= Commonwealth Press Union =

The Commonwealth Press Union (CPU), formerly the Empire Press Union, was an association composed of 750 members in 49 countries, including newspaper groups (with several hundred newspapers), individual newspapers, and news agencies throughout the Commonwealth of Nations (Britain and mostly its former colonies). They were represented within the CPU by their proprietors, publishers or senior executives.

The aims and objectives of the organisation were to uphold the ideas and values of the Commonwealth; to promote, through the press, understanding and goodwill among members of the Commonwealth; and to advance the freedom, interests and welfare of the Commonwealth press and those working within it by i) monitoring and opposing all measures and proposals likely to affect the freedom of the press in any part of the Commonwealth, ii) working for improved facilities for reporting and transmitting news, and iii) promoting the training of all involved in the Commonwealth's press.

The CPU offered some of the Commonwealth's most prestigious awards, including the Commonwealth Press Union Fellowship in International Journalism and the Harry Brittain Fellowships.

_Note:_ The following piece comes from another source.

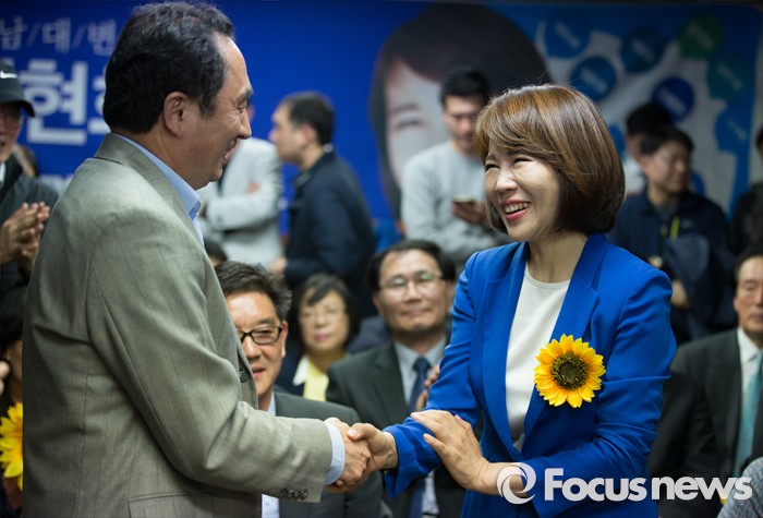 (서울=포커스뉴스) 2016 제20대 국회의원선거날인 13일 오후 서울 강남구 로즈데일빌딩에 위치한 전현희 더불어민주당 강남을 후보 선거사무소에서 전 후보가 지지자들과 인사를 나누고 있다.

The origin of the organisation went back to 1909 with the staging of the first Imperial Press Conference. This led to the creation of the Empire Press Union, which later became the Commonwealth Press Union.

The CPU was wound up on 31 December 2008. According to a press release on the former organisation's website, a new organisation, provisionally named the Commonwealth Press Training and Education Trust was formed in January 2009 "to carry on the vital work of the CPU".

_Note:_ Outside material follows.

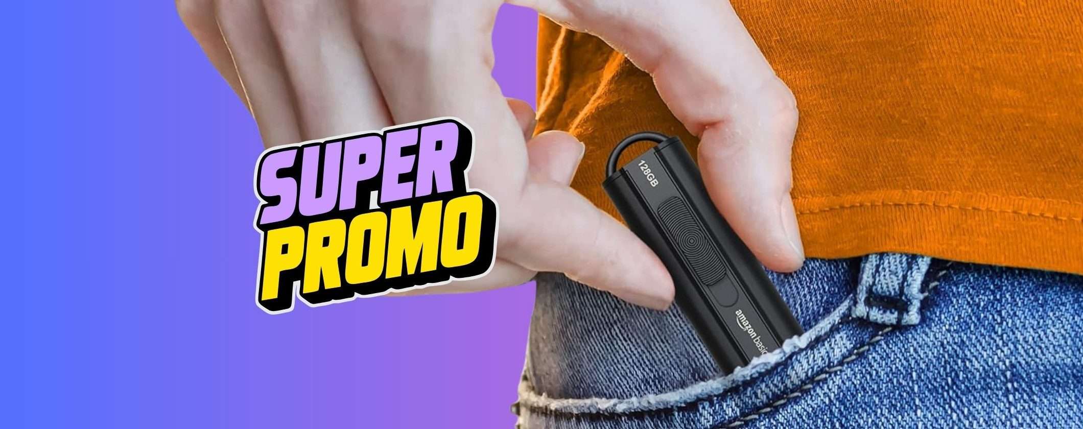 Ottenere spazio di archiviazione extra e portatile oggi è facile e sicuro grazie alla Chiavetta USB 128GB Amazon Basic. Oggi è in offerta su Amazon! Acquistala ora a soli 22,27 euro! Si tratta di una promozione decisamente conveniente vista la qualità di questo prodotto. Il connettore si nasconde all’interno della scocca e lo estrai solo al bisogno, quando devi collegarla al tuo dispositivo.

==Commonwealth Press Union Media Trust==
The Commonwealth Press Union Media Trust aims to continue to promote the spirit of the CPU. CPU Media Trust will provide a "virtual" successor to the old organisation, taking forward its aims and aspirations to support the 21st century's media.

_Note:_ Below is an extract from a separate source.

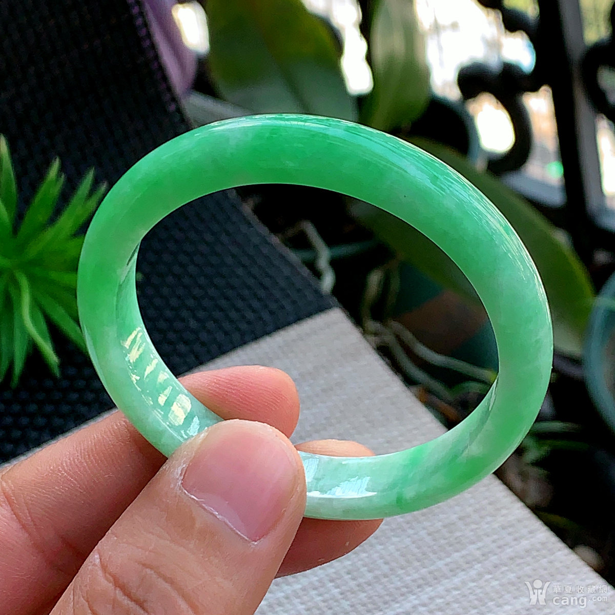 缅甸天然翡翠A货冰润飘绿宽边手镯54.6圈口

The CPU Media Trust has been established to defend the interests of the Commonwealth media. The Trust is committed to a professional, ethical and effective media across the Commonwealth. Its primary concerns are supporting media freedom and media rights, the training of journalists in the skills necessary for them to enable their work and a thorough understanding of media law and the establishment and support of self-regulatory bodies throughout the Commonwealth.

Lord Black of Brentwood of the Telegraph Media Group chairs the CPU Media Trust board of Trustees. The other members of the board are Patsy Robertson, Bob Satchwell, Derek Smail, Ian Beales, Robin Esser, Phil Harding and John Spencer. Also currently Lindsay Ross, former Director of the CPU, is Consultant to the Trust.

===Online training===
The CPU Media Trust is now offering a selection of online training courses which are accessible to all. The courses are in basic journalism & ethics, business journalism and newsroom management, and are designed to be conducted and completed online.

This is a key pillar of the Trust's work, using modern communication tools to strengthen the skill base and increase the professionalism of the Commonwealth media.

===Media Law Project 2011===
The promotion of democracy and human rights has been a major undertaking by the Commonwealth and the Secretariat for decades. Yet as democracy has increased throughout the Commonwealth, media freedom has decreased. This project is aiming to create a report that will be presented to Commonwealth ministers and officials in an effort to create momentum for changes across the Commonwealth.